Thought you all may like to see how the Mini-Christmas Moss looks like. The picture is taken from the display tank belonging to the shop known as "System Engineering & Control", the one that specialises in Bioplast products. It isn't a very good pic as my hands weren't quite steady but I think you can see how beautiful the moss is.



A while back, I gave a few strands of the _Fissidens_ Moss that Ben found to the same fish shop. They're good with plants and the _Fissidens_ is now growing very well in their tanks. Here's the pic:



Loh K L

----------


## rthien

Kwek Leong,

Very nice moss indeed at "System Control & Engineering". I wonder how you and the shop snapped out of this "browning moss" phenomenon some 2-3 months ago.

I'm still affected by this myself and I'm sad to report that the beautiful Erect moss you gave me have almost disintegrated entirely! Java moss which used to grow like weed in my tank grows extremely slow. My Narrow Leaf Java Ferns are growing very well in my tank in my tank though.

Also, my chiller have always been maintaining a 24C temperature. CO2 is still abundant and dosing is always the same.

Anyway, I'm so busy preparing for the arrival of my 2nd child that I have little time to make any considerable effort to resolve this problem. Perhaps I'm just not good/lucky with moss  :Crying:  

Cheers,

Roger

----------


## Piscesgirl

Beautiful moss! I wonder if the browning may be algae? low co2? I have some browning of my moss in my 55 gallon and they went through an episode of low/no co2 (tank emptied, and some other reasons), and subsequent algae outbreak. They are trying now to recover. 

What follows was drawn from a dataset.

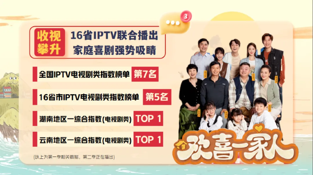 《欢喜一家人》目前正在热播,作为全国首部IPTV自制微短剧,获得国家广播电视总局多次推荐。“来家里做客"媒体点映会上,超20家主流媒体对该剧青睐有加。中国视听大数据(CVB)显示,《欢喜一家人》第一季在全国IPTV电视剧类指数榜单排名Top7,在联合播出的16个参投省份平台电视剧类指数榜单排名Top5,湖南地区综合指数排名Top1,云南地区综合指数排名Top1。
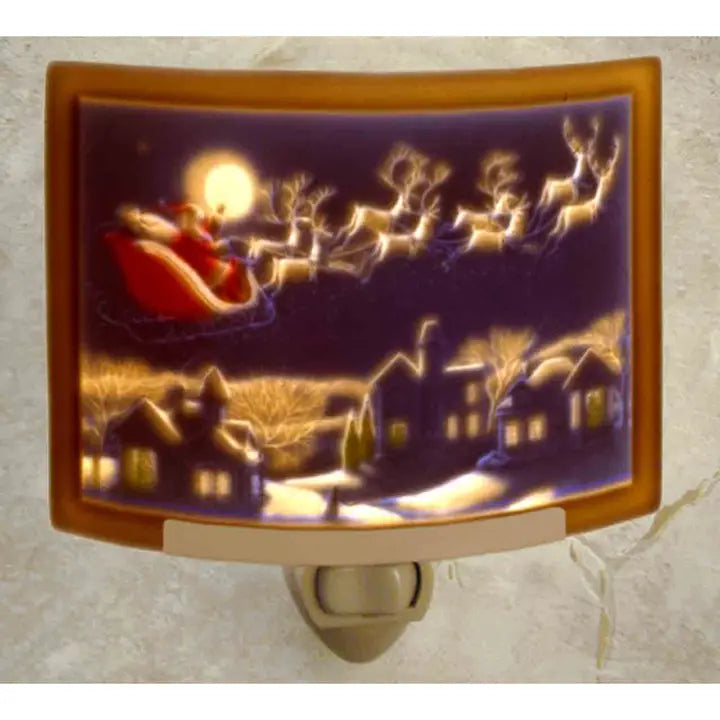 This is a porcelain lithophane night light. The light shining through different thicknesses of porcelain creates this highly detailed image; it is not a photo. It comes from an original engraving in wax, and we cast kiln fired porcelain into a mold made from the original carving. On this piece, a colored ceramic glaze is fired onto the back, with the color diffusing through when lit. 4.5" h x 4.5" w x 2.5"D. Comes gift boxed, complete with bulb and descriptive insert. It makes a timeless and elegant gift.

I wonder because my tanks are at 77/78 degrees Fahrenheit so I'm not sure that the temp is the issue for the browning?

----------


## timebomb

> Very nice moss indeed at "System Control & Engineering". I wonder how you and the shop snapped out of this "browning moss" phenomenon some 2-3 months ago.


Roger, one way to overcome the "browning moss" phenomenon is to cut away all the brown parts and re-start again with the green ones. But it's no guarantee the green ones won't turn brown again.

When I was with the professor, I offered the theory that the Erect Moss turns brown because it isn't truly an aquatic moss, probably not even semi-aquatic. The prof had told me many times in the past that quite a few of the mosses we grow in our tanks are not aquatic in nature. He said they can survive underwater for a while but will eventually die because once underwater, their life cycles change. He wasn't sure if the Erect is one such moss but he said my theory could be correct.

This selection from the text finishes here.